Your typical activist college student nowadays, eager to change the world, will tear through a variety of texts on subjects like Black liberation, feminism and socialist theory. They’ll learn all about the ideologies of historic figures like Karl Marx, Frantz Fanon, Che Guevara and Angela Davis.
Yet, in a very deep sense, they’d be much better served by starting with the Sermon on the Mount by Jesus of Nazareth.
Now, for the sake of full disclosure, though I am a Catholic, I don’t want to sound like I’m trying to convert anybody. Because I’m not. I simply want readers to recognize the brilliance of Christ’s rhetorical approach in his most famous speech.
Let’s set the stage for a moment. It’s first-century Israel. A young, gentle carpenter is preaching throughout the nation, setting off a stir with his radical new interpretation of the Hebrew scriptures. He feels the way Jewish leaders are teaching these texts is too legalistic, strict and hard. One day, while sitting on top of a hill in Galilee, this profound figure decides to summarize his thoughts with a few choice words. He will speak on adultery, murder, taking oaths, settling disputes, and divorce.
But perhaps nothing will be remembered more across the ages than his teaching on love:
“You have heard that it was said, ‘Love your neighbor and hate your enemy.’ But I tell you, love your enemies and pray for those who persecute you, that you may be children of your Father in heaven. He causes his sun to rise on the evil and the good, and sends rain on the righteous and the unrighteous. If you love those who love you, what reward will you get? Are not even the tax collectors doing that? And if you greet only your own people, what are you doing more than others? Do not even pagans do that? Be perfect, therefore, as your heavenly Father is perfect.”
For our purposes, Christ is doing something very smart here, which he repeats throughout the Sermon on the Mount.
He offers his criticism of the prevailing status quo, but also describes something even better.
You’ve been taught to love only your neighbor? That’s too easy. No, love everyone, everywhere.
This is the nasty world we live in now. Here’s the beautiful one let’s make together.
That’s the great magic of Christianity. That’s the reason we still remember the words of a poor, peasant carpenter from a backwater in the Middle East 2,000 years ago. Jesus wasn’t just complaining about all the things he didn’t like. He offered his followers and all the generations who came after something radically new and perfect.
The problem I have with modern progressives is too often they only do the first part. We are wonderful critics. I genuinely mean that. We have so many thoughtful things to say about the evils of poverty, geopolitics, climate change, and a host of other ills. But where we fall short is vision, in having the capacity to clearly explain what wonderful future should replace our unjust present.
For example, consider the current protests around ending the war in Gaza. I wholeheartedly applaud those taking to the streets in an attempt to stop the bombing of innocent civilians. Their efforts come from a place of deep humanitarian concern.
However, the reason why the conflict is still ongoing is because these activists have not explained what the alternative is to fighting. Israelis don’t like the status quo, either, but they are unwilling to negotiate peace with Hamas, a gang of genocidal terrorists who are committed to murdering their children.
The left is making a very valid criticism. War is terrible, indeed, and hurts many who do not deserve it. But the vast protests have not provided a vision of what a better scenario looks like.
Because for the Jews, letting devils stay in power just miles away from their border is not a tenable option.
If you truly seek peace, you must explain how Israel can agree to a ceasefire and still feel safe.

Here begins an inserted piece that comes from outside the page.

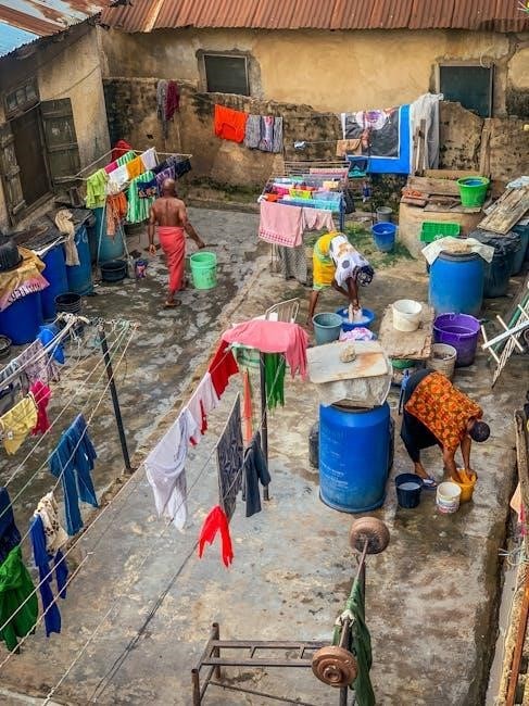 Distribute items evenly within the drum to maintain balance during the wash cycle. Avoid overloading‚ as this reduces cleaning effectiveness and can damage the machine. Separate clothes by fabric type and color – whites‚ darks‚ and delicates should be washed separately.

What’s the best, logical case that can be made for that position?
Until this issue is addressed, all the critiques about the current violence won’t change a thing. The bombs will continue to fall.
By contrast, when activists don’t just oppose what’s going on, but also boldly point the way to a better tomorrow, that’s what changes history.
Whether one is delivering the Sermon on the Mount, or a Sermon on Facebook, both elements are needed for success.
Joshua Heath is a Santa Clarita resident. “Democratic Voices” appears Tuesdays and rotates among local Democrats.